The problem is that public reflection on the past two-and-a-half years of Covid-19 and the lockdowns that accompanied the pandemic, cannot help but navigate what Tollerton calls “a complex (and sometimes controversial) relationship between state and non-state agency”. At the same time, motivations for public reflection vary and there is “sometimes uncertainty about what it is that we are reflecting upon and remembering”. The result, concludes Tollerton, is that “while many want to keep memorialisation wholly non-political” in practice this may be “difficult to achieve”.
The British government’s failure to recognise the National Covid Memorial Wall is a case in point, reflecting its embarrassment over “Partygate” – memories which Johnson’s successor will presumably also be keen to avoid. Little wonder that some have been calling for a memorial that allows people of all points of view and faiths to come together to mourn the loss of loved ones in a tranquil, politically neutral space. This is the thinking behind St Paul’s Cathedral’s plan for a new portico in its North Transcript. Following a crowdfunding campaign supported by the Daily Mail, St Paul’s has raised £2.7 million for the memorial and anticipates that construction of the new inner porch will be completed in early 2024.
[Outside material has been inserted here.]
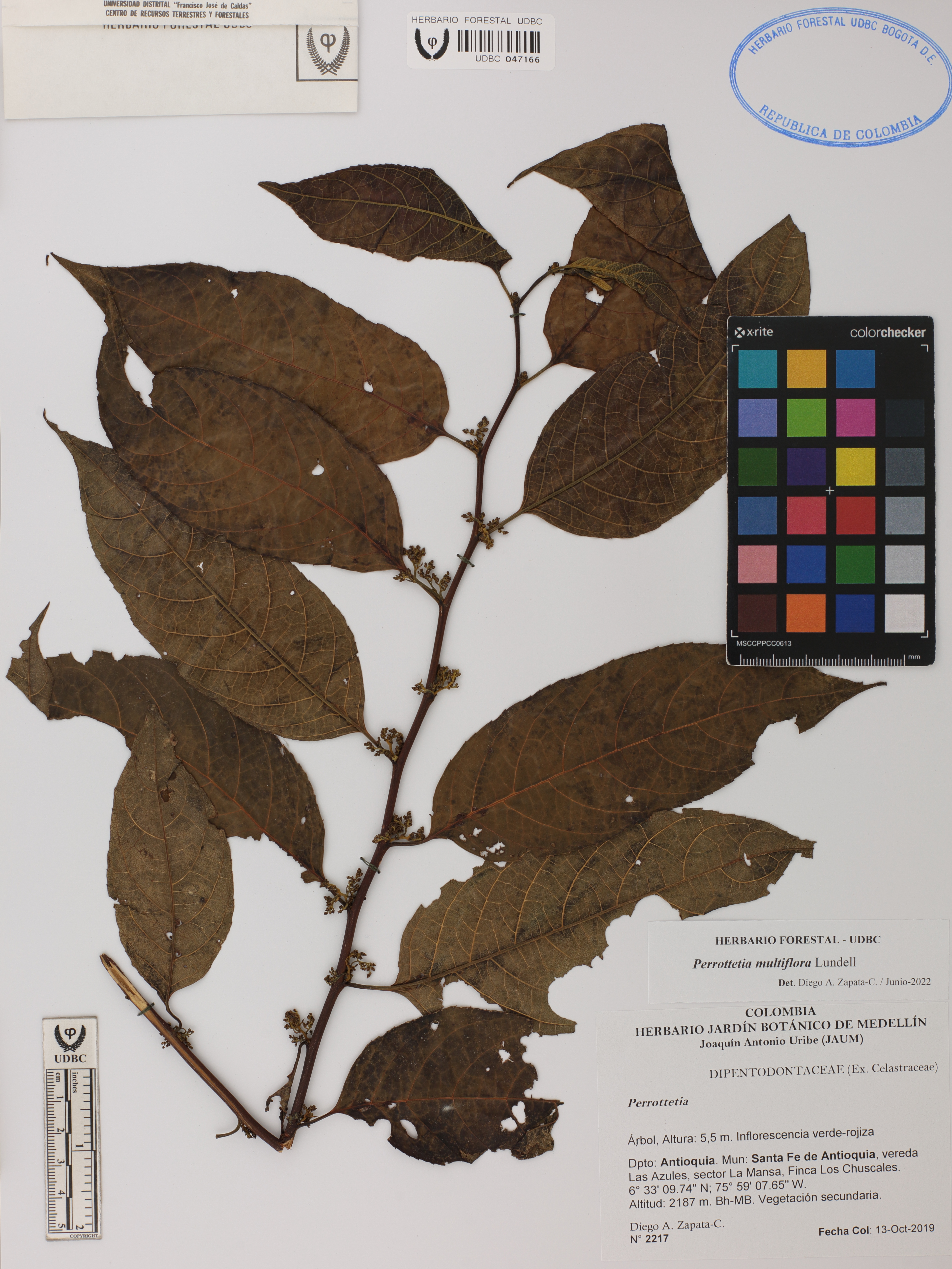 Fotografía del ejemplar Zapata-C., D. 2217, determinado como Perrottetia multiflora en el año 2022
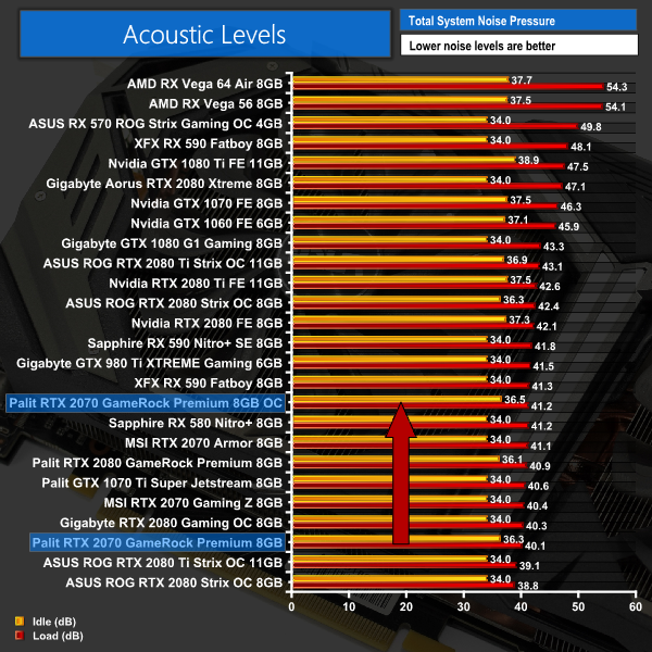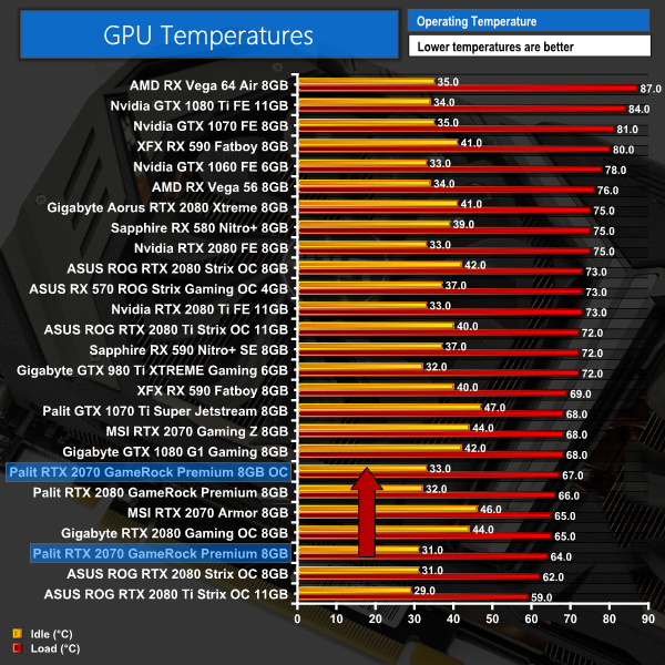 The Palit was able to handle this overclock very well. Temperatures rose 3C to 67C, which is still a very good result, while noise levels rose just over 1dB – though it would be very hard to notice the difference in the real world. Power consumption jumped up by around 28W, too, but again that is hardly cause for concern.

No doubt some will object that in the midst of a pandemic that appears to be far from over it makes little sense to begin a national conversation about how Covid-19 should be remembered and in what form. But as the experience of the Hillsborough stadium and Grenfell fire disasters demonstrate, building consensus is difficult and if we wish to do justice to national tragedies, even ones sparked by a random virus, we have to be willing to have frank and honest conversations about who is to blame and to what extent. The best chance of Covid-19 avoiding the same fate as the Spanish flu is to begin that process now.
A shorter version of this article was published on Engelsberg Ideas on July 19, 2022.